++++ Records for the task ++++

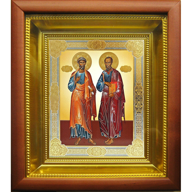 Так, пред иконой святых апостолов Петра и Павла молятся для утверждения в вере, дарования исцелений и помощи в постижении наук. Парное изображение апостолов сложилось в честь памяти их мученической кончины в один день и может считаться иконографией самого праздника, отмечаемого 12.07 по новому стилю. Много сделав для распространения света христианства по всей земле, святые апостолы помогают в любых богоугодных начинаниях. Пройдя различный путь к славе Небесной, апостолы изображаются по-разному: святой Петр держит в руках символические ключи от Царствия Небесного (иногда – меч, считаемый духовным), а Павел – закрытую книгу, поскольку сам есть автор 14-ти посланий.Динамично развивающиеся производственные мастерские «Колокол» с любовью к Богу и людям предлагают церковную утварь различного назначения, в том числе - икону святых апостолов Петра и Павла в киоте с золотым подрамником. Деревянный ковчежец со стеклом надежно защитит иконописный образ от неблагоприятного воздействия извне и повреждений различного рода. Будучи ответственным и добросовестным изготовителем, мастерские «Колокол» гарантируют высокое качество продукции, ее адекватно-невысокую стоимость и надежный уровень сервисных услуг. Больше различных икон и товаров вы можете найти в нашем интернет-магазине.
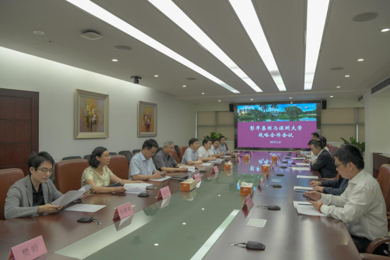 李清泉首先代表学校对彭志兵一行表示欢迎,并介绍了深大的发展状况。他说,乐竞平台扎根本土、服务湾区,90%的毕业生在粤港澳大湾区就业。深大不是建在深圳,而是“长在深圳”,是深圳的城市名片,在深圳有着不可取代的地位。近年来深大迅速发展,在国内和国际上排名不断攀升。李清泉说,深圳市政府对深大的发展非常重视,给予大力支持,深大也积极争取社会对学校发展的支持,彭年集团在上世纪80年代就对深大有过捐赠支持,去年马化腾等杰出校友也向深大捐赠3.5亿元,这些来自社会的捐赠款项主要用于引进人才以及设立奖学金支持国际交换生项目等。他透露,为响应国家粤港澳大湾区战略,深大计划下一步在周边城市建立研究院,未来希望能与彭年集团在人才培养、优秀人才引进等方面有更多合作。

++++
++++ Records for the task ++++

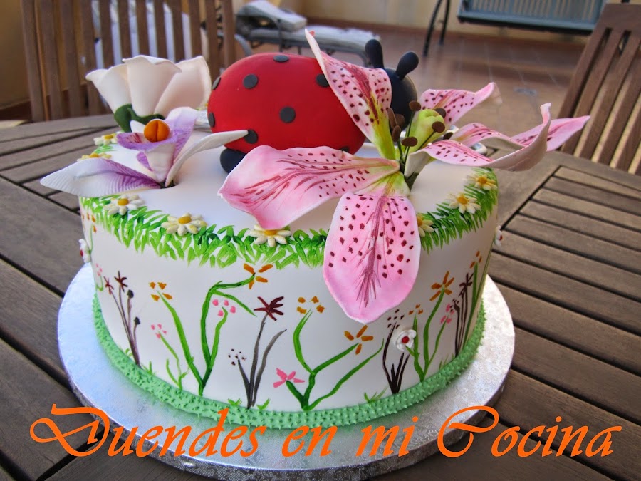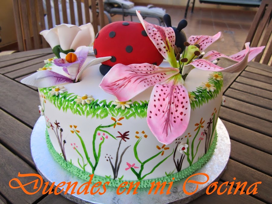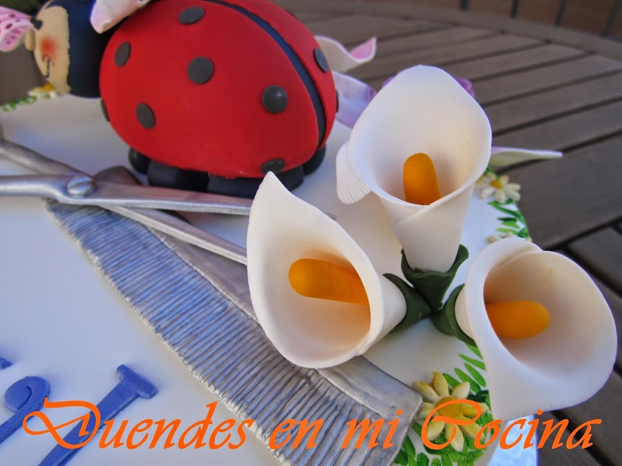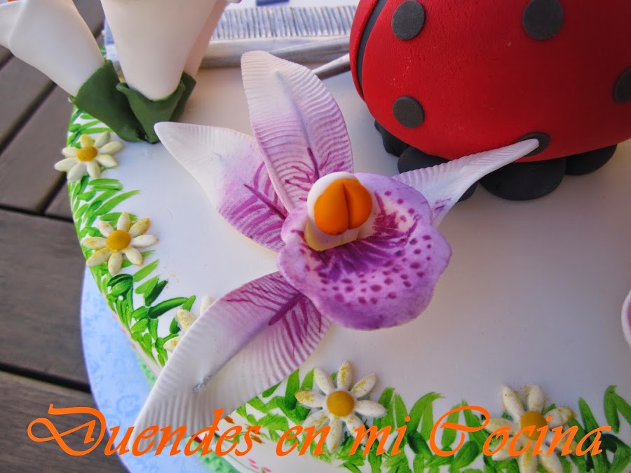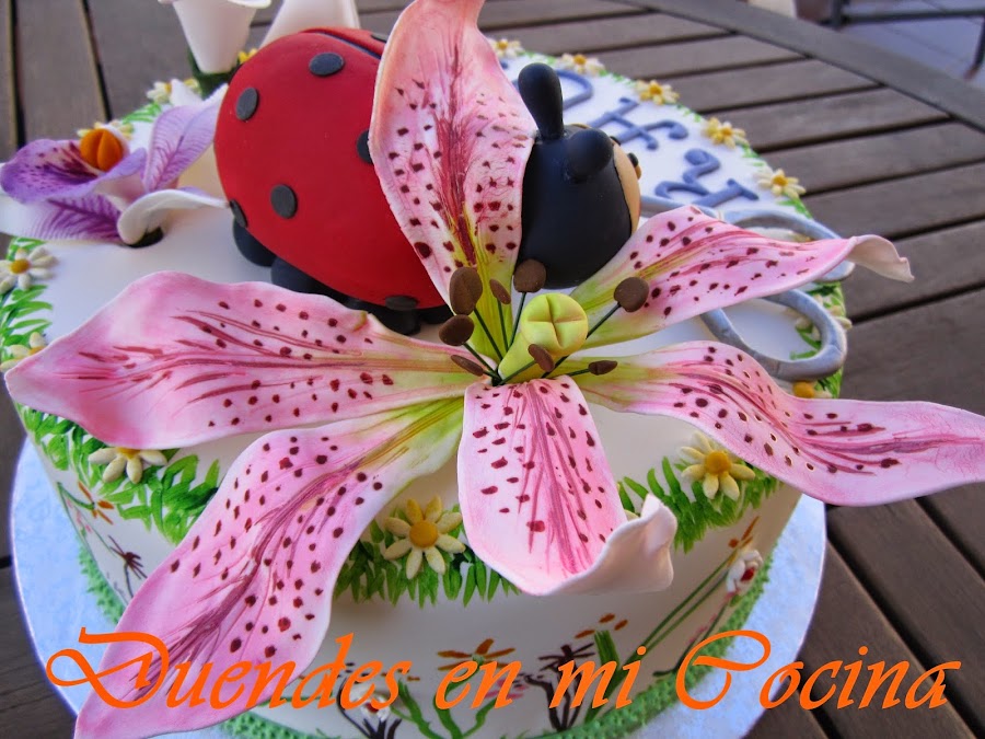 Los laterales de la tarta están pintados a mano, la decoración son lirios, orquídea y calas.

++++
++++ Records for the task ++++

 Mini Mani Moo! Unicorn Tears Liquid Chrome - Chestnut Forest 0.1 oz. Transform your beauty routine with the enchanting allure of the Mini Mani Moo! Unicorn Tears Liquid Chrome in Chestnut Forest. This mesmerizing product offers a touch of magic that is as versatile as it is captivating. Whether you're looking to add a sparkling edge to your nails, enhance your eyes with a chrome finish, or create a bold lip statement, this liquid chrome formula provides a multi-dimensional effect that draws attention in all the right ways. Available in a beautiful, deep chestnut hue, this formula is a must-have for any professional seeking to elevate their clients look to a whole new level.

++++

### [What is required]
Keep to the lines above from the line with "Так, пред иконой" to the line with "李清泉首先代表学校对彭志兵一", and set down exactly those, inclusive, with nothing else and every picture left out.

### [Task result]
 Так, пред иконой святых апостолов Петра и Павла молятся для утверждения в вере, дарования исцелений и помощи в постижении наук. Парное изображение апостолов сложилось в честь памяти их мученической кончины в один день и может считаться иконографией самого праздника, отмечаемого 12.07 по новому стилю. Много сделав для распространения света христианства по всей земле, святые апостолы помогают в любых богоугодных начинаниях. Пройдя различный путь к славе Небесной, апостолы изображаются по-разному: святой Петр держит в руках символические ключи от Царствия Небесного (иногда – меч, считаемый духовным), а Павел – закрытую книгу, поскольку сам есть автор 14-ти посланий.Динамично развивающиеся производственные мастерские «Колокол» с любовью к Богу и людям предлагают церковную утварь различного назначения, в том числе - икону святых апостолов Петра и Павла в киоте с золотым подрамником. Деревянный ковчежец со стеклом надежно защитит иконописный образ от неблагоприятного воздействия извне и повреждений различного рода. Будучи ответственным и добросовестным изготовителем, мастерские «Колокол» гарантируют высокое качество продукции, ее адекватно-невысокую стоимость и надежный уровень сервисных услуг. Больше различных икон и товаров вы можете найти в нашем интернет-магазине.
 李清泉首先代表学校对彭志兵一行表示欢迎,并介绍了深大的发展状况。他说,乐竞平台扎根本土、服务湾区,90%的毕业生在粤港澳大湾区就业。深大不是建在深圳,而是“长在深圳”,是深圳的城市名片,在深圳有着不可取代的地位。近年来深大迅速发展,在国内和国际上排名不断攀升。李清泉说,深圳市政府对深大的发展非常重视,给予大力支持,深大也积极争取社会对学校发展的支持,彭年集团在上世纪80年代就对深大有过捐赠支持,去年马化腾等杰出校友也向深大捐赠3.5亿元,这些来自社会的捐赠款项主要用于引进人才以及设立奖学金支持国际交换生项目等。他透露,为响应国家粤港澳大湾区战略,深大计划下一步在周边城市建立研究院,未来希望能与彭年集团在人才培养、优秀人才引进等方面有更多合作。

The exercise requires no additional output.